→ **Work item**: Below, locate the line that contains "免費吃到飽的美生菜和高麗菜絲". Repeat exactly from that line to the line that contains "Vận động của", inclusive, leaving out the pictures.

──────── Available records

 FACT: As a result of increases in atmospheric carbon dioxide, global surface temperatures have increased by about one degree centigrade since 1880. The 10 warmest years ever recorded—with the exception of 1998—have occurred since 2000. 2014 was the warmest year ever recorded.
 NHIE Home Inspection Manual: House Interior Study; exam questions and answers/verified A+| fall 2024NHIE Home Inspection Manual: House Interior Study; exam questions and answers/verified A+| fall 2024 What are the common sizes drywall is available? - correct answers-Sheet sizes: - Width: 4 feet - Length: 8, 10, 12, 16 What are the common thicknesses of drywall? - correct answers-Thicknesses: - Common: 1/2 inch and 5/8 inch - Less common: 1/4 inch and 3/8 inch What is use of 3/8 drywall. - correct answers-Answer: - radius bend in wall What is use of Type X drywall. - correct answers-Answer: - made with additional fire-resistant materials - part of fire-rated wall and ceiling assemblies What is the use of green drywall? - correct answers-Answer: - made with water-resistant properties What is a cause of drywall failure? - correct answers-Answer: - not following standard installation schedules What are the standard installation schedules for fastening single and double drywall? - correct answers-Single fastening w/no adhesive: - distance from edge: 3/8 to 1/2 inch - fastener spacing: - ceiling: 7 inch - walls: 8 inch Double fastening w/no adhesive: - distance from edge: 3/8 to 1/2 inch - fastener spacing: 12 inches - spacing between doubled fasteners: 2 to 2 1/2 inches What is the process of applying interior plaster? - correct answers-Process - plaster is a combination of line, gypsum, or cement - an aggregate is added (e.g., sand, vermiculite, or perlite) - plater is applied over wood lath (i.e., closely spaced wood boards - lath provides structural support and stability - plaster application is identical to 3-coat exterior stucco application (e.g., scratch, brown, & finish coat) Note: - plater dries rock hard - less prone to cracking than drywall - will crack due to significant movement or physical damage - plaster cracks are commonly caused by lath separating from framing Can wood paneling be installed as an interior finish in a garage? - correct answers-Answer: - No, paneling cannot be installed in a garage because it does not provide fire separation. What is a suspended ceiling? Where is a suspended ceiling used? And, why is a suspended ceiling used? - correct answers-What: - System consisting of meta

────────────────
──────── Available records

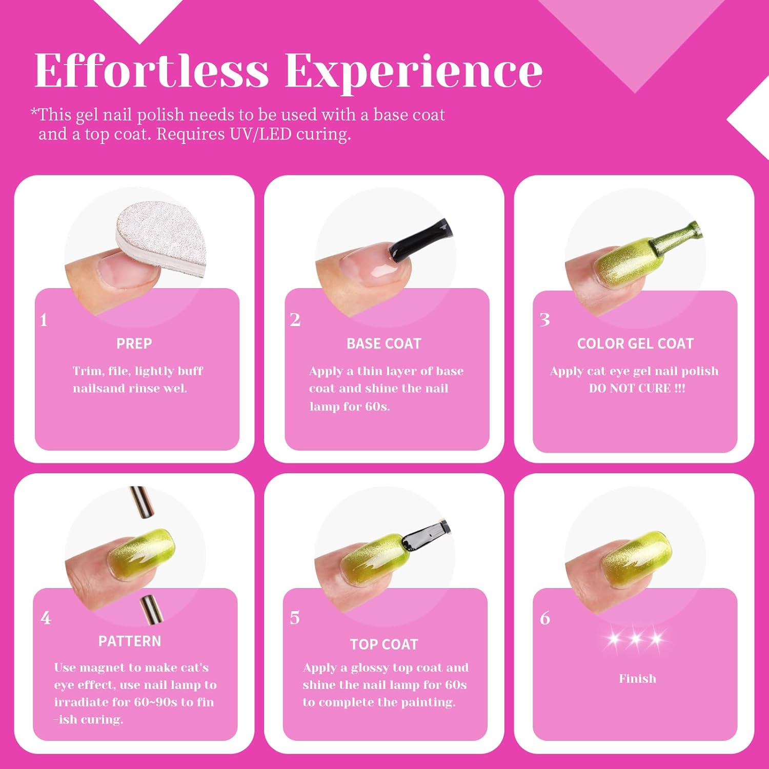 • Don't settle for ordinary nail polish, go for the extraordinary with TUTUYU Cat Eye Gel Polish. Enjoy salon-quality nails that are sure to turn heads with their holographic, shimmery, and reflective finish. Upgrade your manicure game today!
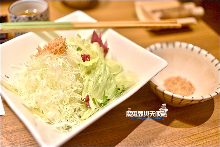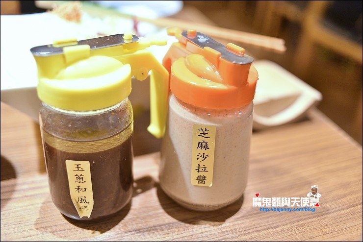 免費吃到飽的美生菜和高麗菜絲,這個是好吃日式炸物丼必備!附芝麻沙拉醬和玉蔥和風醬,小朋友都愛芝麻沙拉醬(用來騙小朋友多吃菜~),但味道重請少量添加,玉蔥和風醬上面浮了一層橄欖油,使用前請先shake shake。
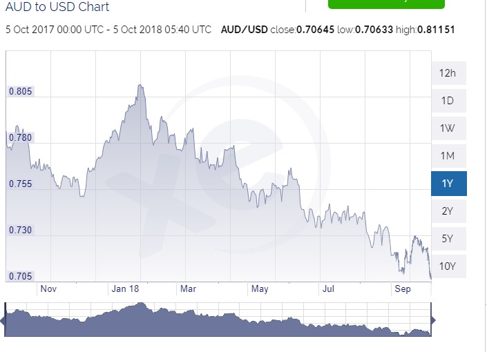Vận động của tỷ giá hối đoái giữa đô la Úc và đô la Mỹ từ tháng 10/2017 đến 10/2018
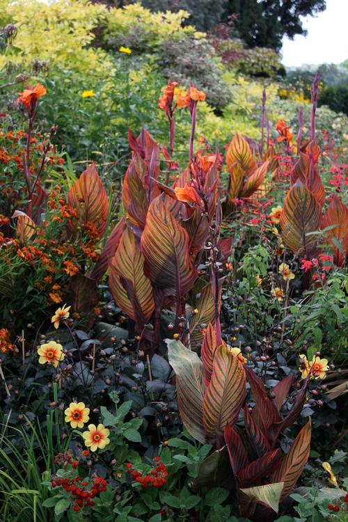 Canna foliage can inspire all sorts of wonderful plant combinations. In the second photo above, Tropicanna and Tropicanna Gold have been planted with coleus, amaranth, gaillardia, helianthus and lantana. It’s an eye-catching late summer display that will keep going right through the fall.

────────────────
──────── Available records

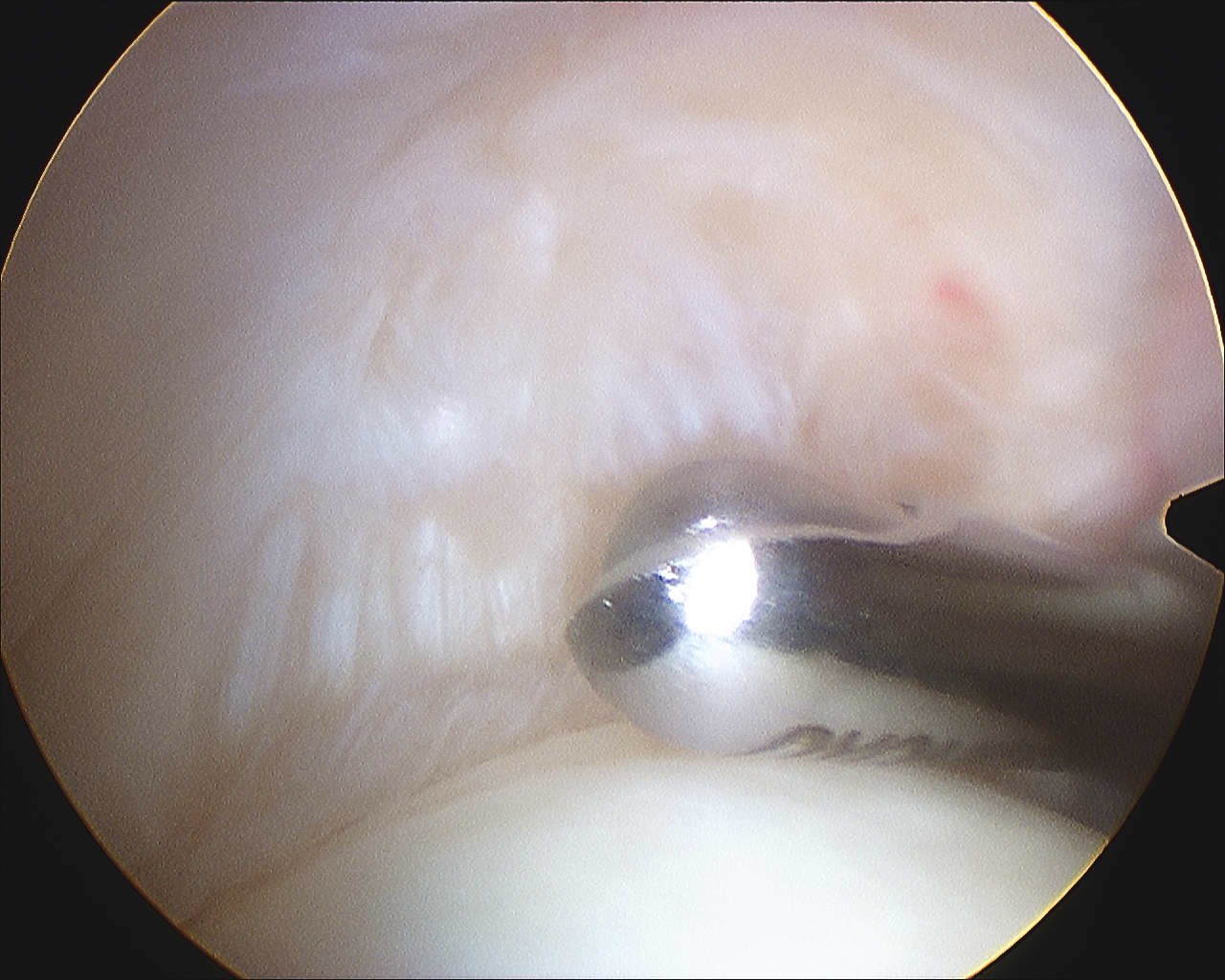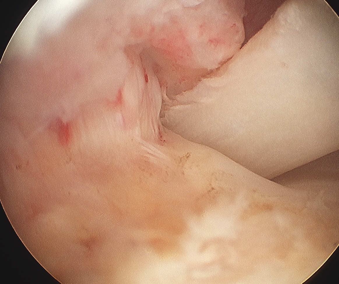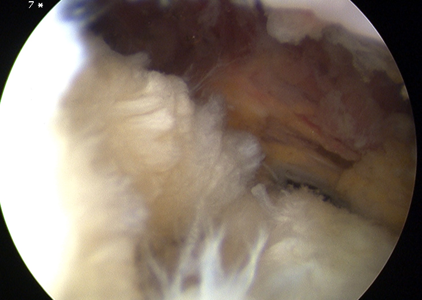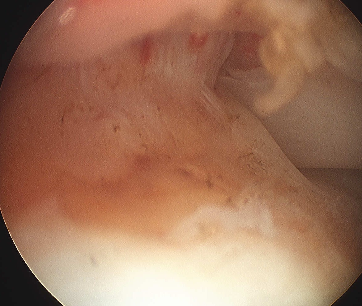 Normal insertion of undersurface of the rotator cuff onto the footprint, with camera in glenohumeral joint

────────────────

→ **Answer box**:
 免費吃到飽的美生菜和高麗菜絲,這個是好吃日式炸物丼必備!附芝麻沙拉醬和玉蔥和風醬,小朋友都愛芝麻沙拉醬(用來騙小朋友多吃菜~),但味道重請少量添加,玉蔥和風醬上面浮了一層橄欖油,使用前請先shake shake。
Vận động của tỷ giá hối đoái giữa đô la Úc và đô la Mỹ từ tháng 10/2017 đến 10/2018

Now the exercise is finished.